It was a typical quiet morning on April 22, with the temperature intensifying as a bright orange sun emerged high on the horizon. Lance Corporal Jordan Haerter, a rifleman with 1st Battalion, 9th Marine Regiment, Regimental Combat Team 1, and Corporal Jonathan T. Yale, a rifleman with 2nd Battalion, 8th Marine Regiment, RCT-1, were standing post, just as they had done numerous times before.
They were conducting a standard length watch in a small checkpoint protected by concrete barriers where they overlooked the small gravel road lined with palm trees, leading to their entry control point.

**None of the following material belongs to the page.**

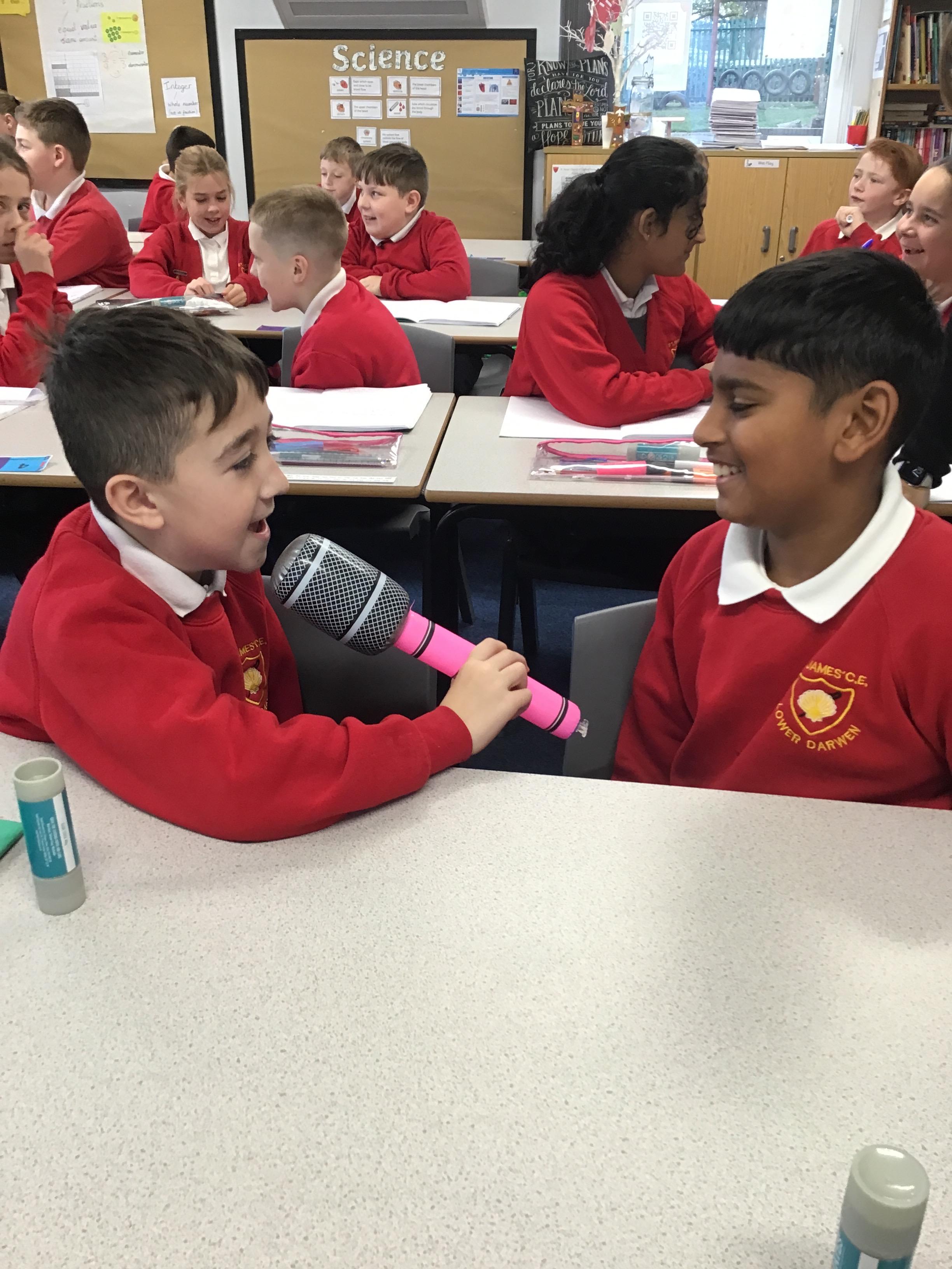 Breaking News was the topic in Thursday's English lesson. The children summarised the Witch's death in the Wizard of Oz by creating a news report. They had the opportunity to present their news report to the class too!

However, this morning would be different. Quickly it would turn chaotic, then tragic. Two Marines would gallantly sacrifice their lives so others could live.
A truck packed with thousands of pounds of explosives entered the area where Lance Cpl. Haerter and Cpl. Yale were standing guard. Realizing the vehicle’s intentions, Lance Cpl. Haerter and Cpl. Yale, without hesitation, stood their ground, drew their weapons and fired at the vehicle. The truck rolled to a stop and exploded, killing the two Marines.
“I was on post the morning of the attack,” said Lance Corporal Benjamin Tupaj, a rifleman with 3rd Platoon, Police Transition Team 3, Weapons Company, 1st Battalion, 9th Marines. “I heard the [squad automatic weapon] go off at a cyclic rate and then the detonation, along with a flash. Then I heard a Marine start yelling, ‘We got hit! We got hit!’ It was hectic.”
In the face of a committed enemy, Lance Cpl. Haerter and Cpl. Yale stood their ground, saving the lives of numerous Marines, sailors, Iraqi policemen, and civilians. Both Marines displayed heroic, self-sacrificing actions and truly lived up to the Corps values of honor, courage, and commitment.
“They saved all of our lives—if it wasn’t for them, that gate probably wouldn’t have held,” Lance Cpl. Tupaj said. “The explosion blew out all of the windows over 150 meters from where the blast hit. If that truck had made it into the compound, there would’ve been a lot more casualties. They saved everyone’s lives here.”
According to official reports, the heroic actions of Lance Cpl. Haerter and Cpl. Yale saved the lives of the 33 Marines and 21 Iraqi police, as well as numerous civilians at the entry control point. “They are heroes because thousands of pounds [of explosives] would’ve made its way through the gate, and many more of us wouldn’t be here,” said Lance Corporal Lawrence Tillery, a rifleman with 3rd Platoon. “I have a son back home, and I know if that truck would’ve made it to where it was going, I wouldn’t be here today. Because of Lance Cpl. Haerter and Cpl. Yale, I will be able to see my son again. They gave me that opportunity.”
A week after the attack, the Marines with 3rd Platoon remembered their fallen brethren as good friends and Marines. “Cpl. Yale was a great guy, really friendly and kind of shy,” said Hospitalman Eric Schwartz, a corpsman with the platoon. “Haerter was an amazing guy—I knew everything about him. He was my best friend,” said Lance Corporal Cody Israel, a rifleman with 3rd Platoon, and Lance Cpl. Haerter’s roommate for more than a year and half.
Lance Cpl. Haerter and Cpl. Yale were both posthumously awarded the Purple Heart Medal and Combat Action Ribbon, and have been nominated for an award for their valor.